Every entry must be transcribed exactly. Pictures are not part of the copy.

** Opening DATA PROVIDED block **

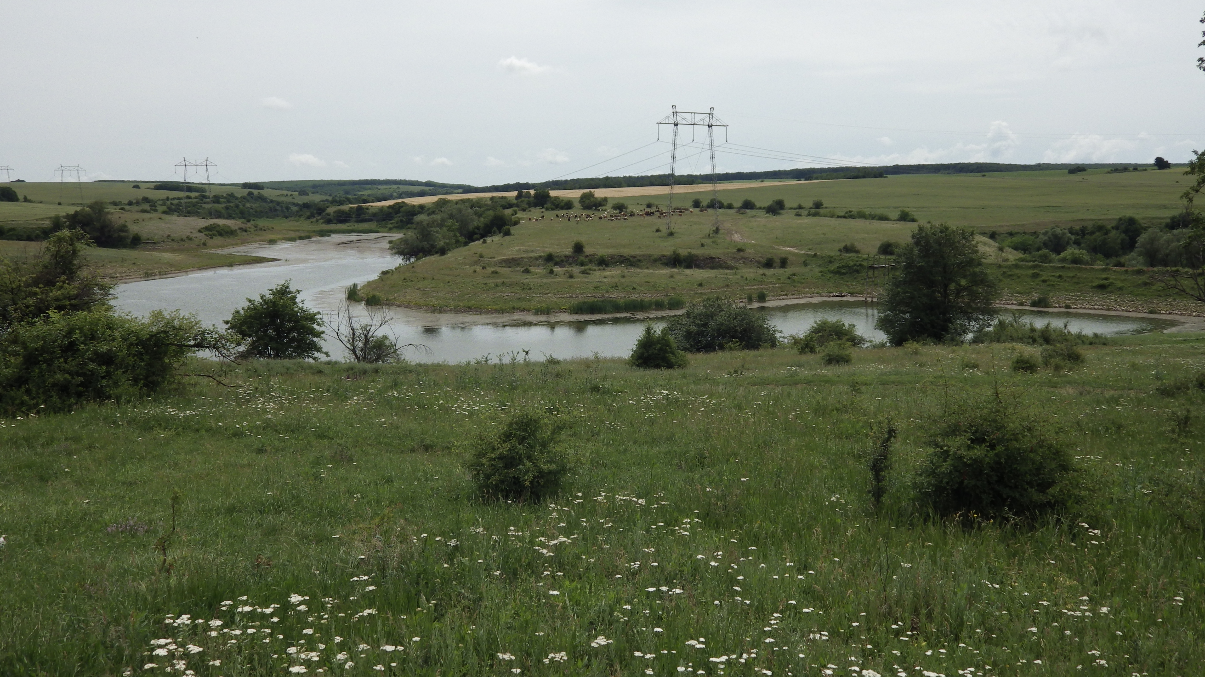 River Tuchenitsa near village Tuchenitsa
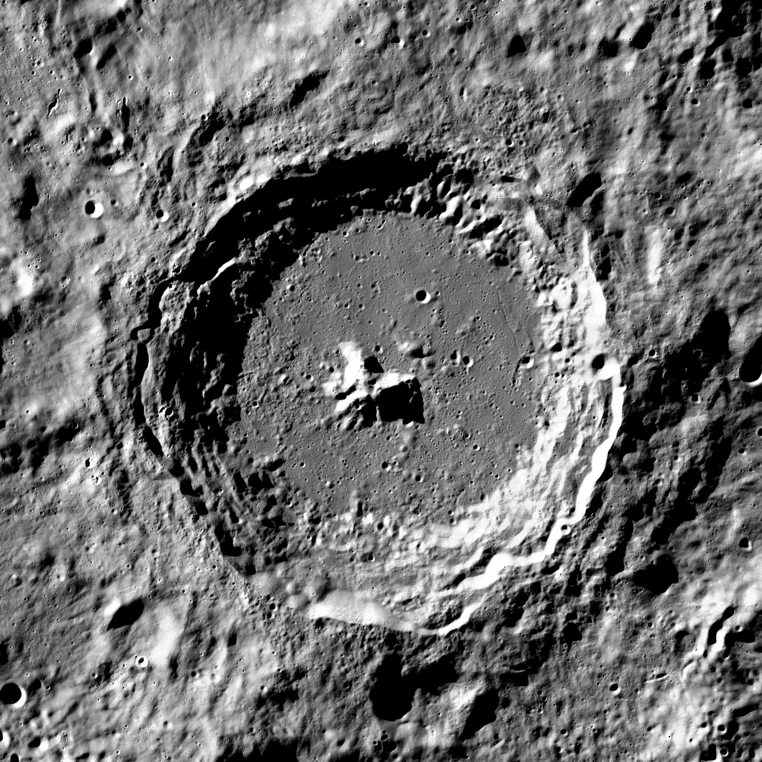 Crater Moretus on the Moon. Mosaic of photos by Lunar Reconnaissance Orbiter, made with Wide Angle Camera. Size of the image is 180×180 km, north is approximately up.
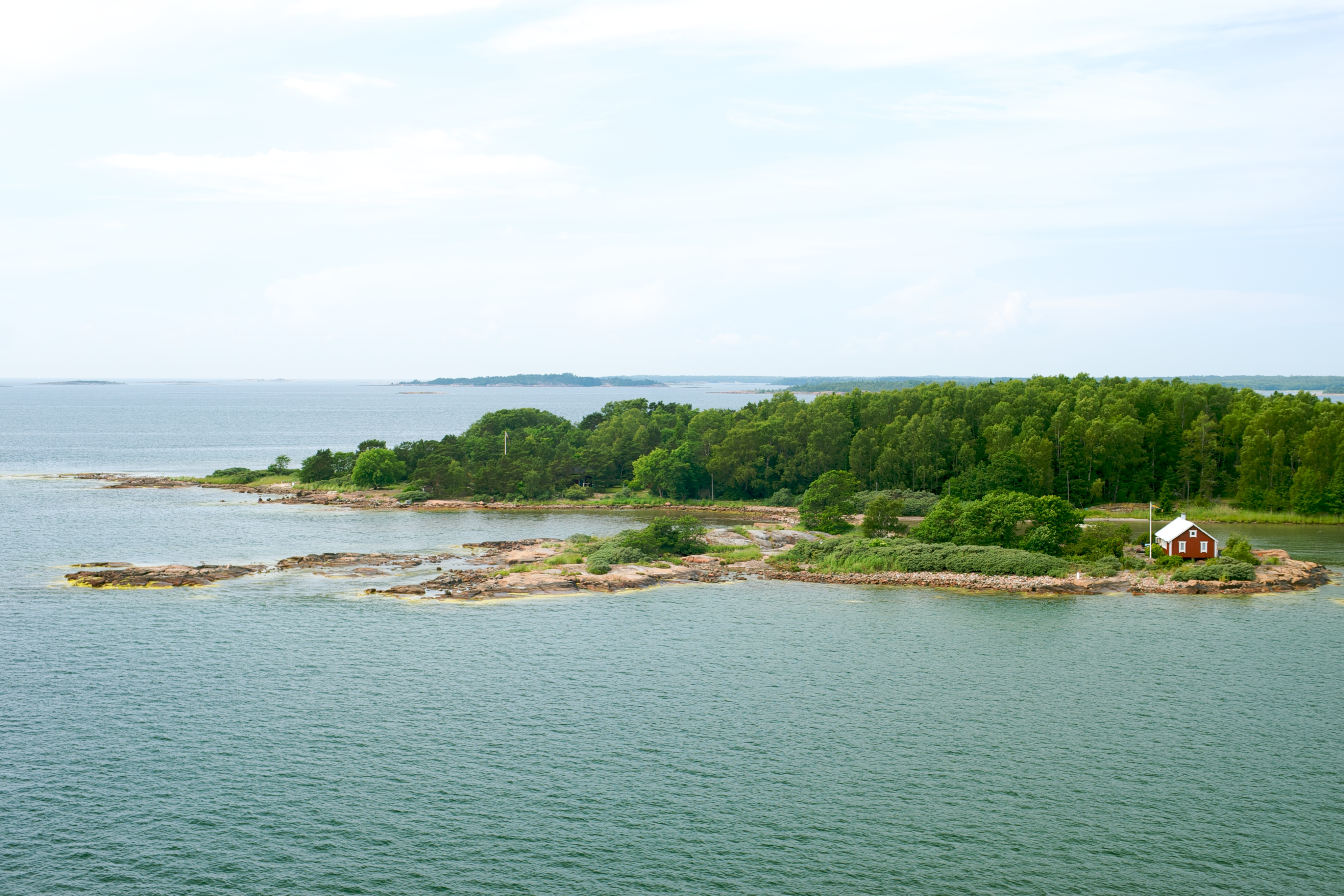 A small wooden house in the middle of the Turku Archipelago
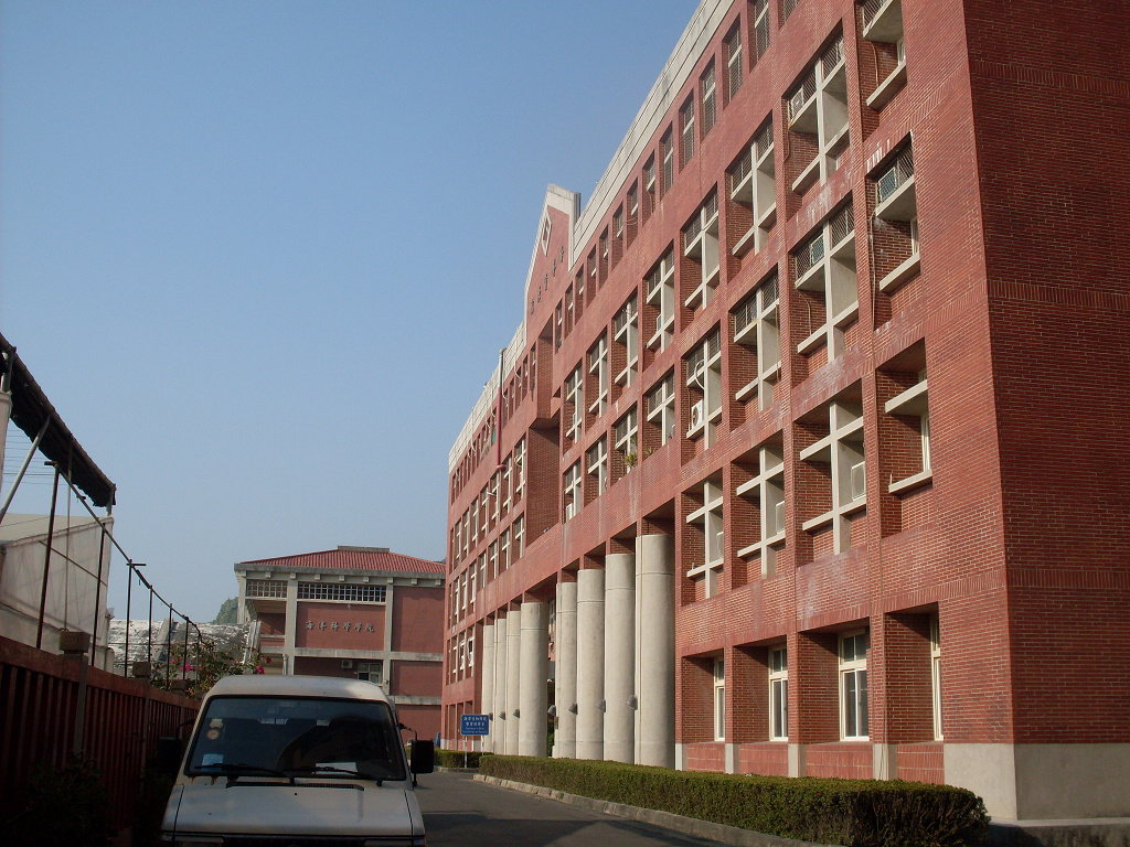 National Sun Yat-sen University
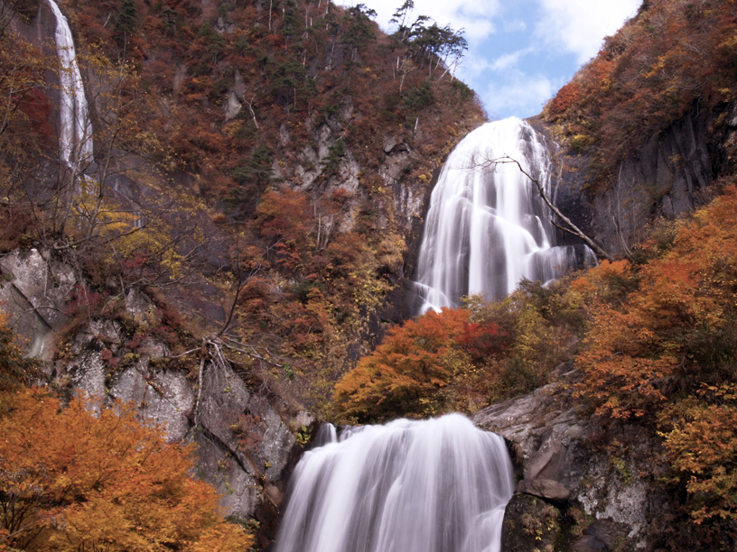 Yasu no Taki Falls in Kitaakita, Akita pref., Japan.
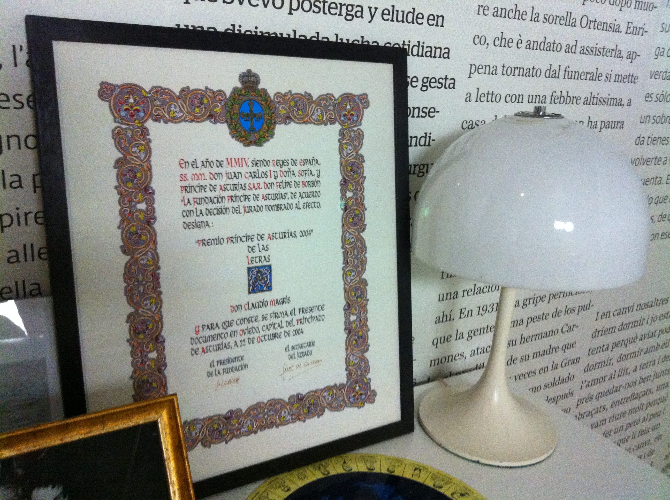 La Trieste de Magris. Exhibit about the Trieste of Claudio Magris, shown at CCCB during 2011
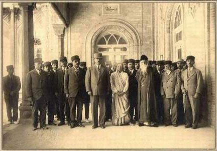 Rabindranath Tagore meets members of Iran's parliament. Image is from early 1930's in Tehran's Majles.
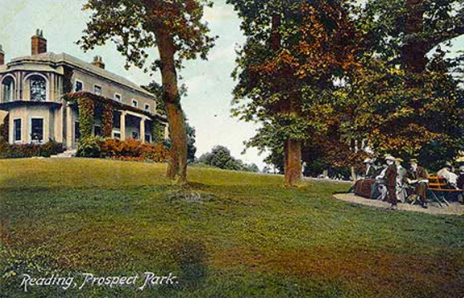 Coloured postcard of Prospect Park, Reading, Berkshire, 1910
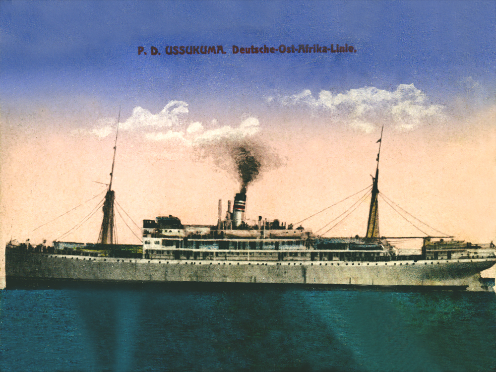 German passenger ship Ussukuma 1921
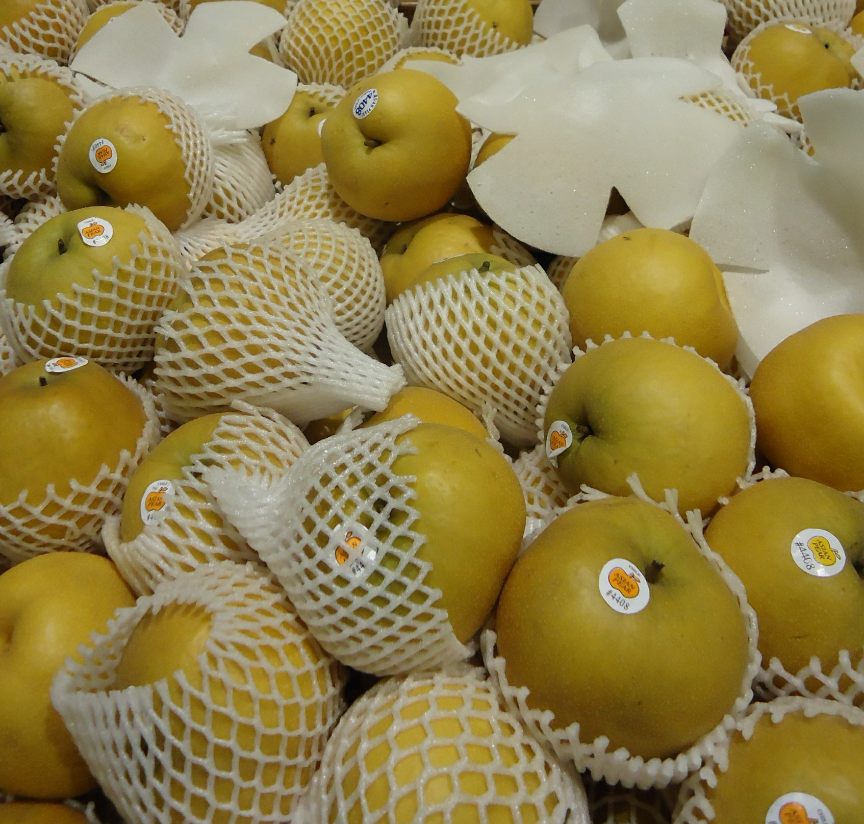 Asian pears as seen in an Asian supermarket in New Jersey.

** Closing DATA PROVIDED block **

# TASK ANSWER:
 River Tuchenitsa near village Tuchenitsa
 Crater Moretus on the Moon. Mosaic of photos by Lunar Reconnaissance Orbiter, made with Wide Angle Camera. Size of the image is 180×180 km, north is approximately up.
 A small wooden house in the middle of the Turku Archipelago
 National Sun Yat-sen University
 Yasu no Taki Falls in Kitaakita, Akita pref., Japan.
 La Trieste de Magris. Exhibit about the Trieste of Claudio Magris, shown at CCCB during 2011
 Rabindranath Tagore meets members of Iran's parliament. Image is from early 1930's in Tehran's Majles.
 Coloured postcard of Prospect Park, Reading, Berkshire, 1910
 German passenger ship Ussukuma 1921
 Asian pears as seen in an Asian supermarket in New Jersey.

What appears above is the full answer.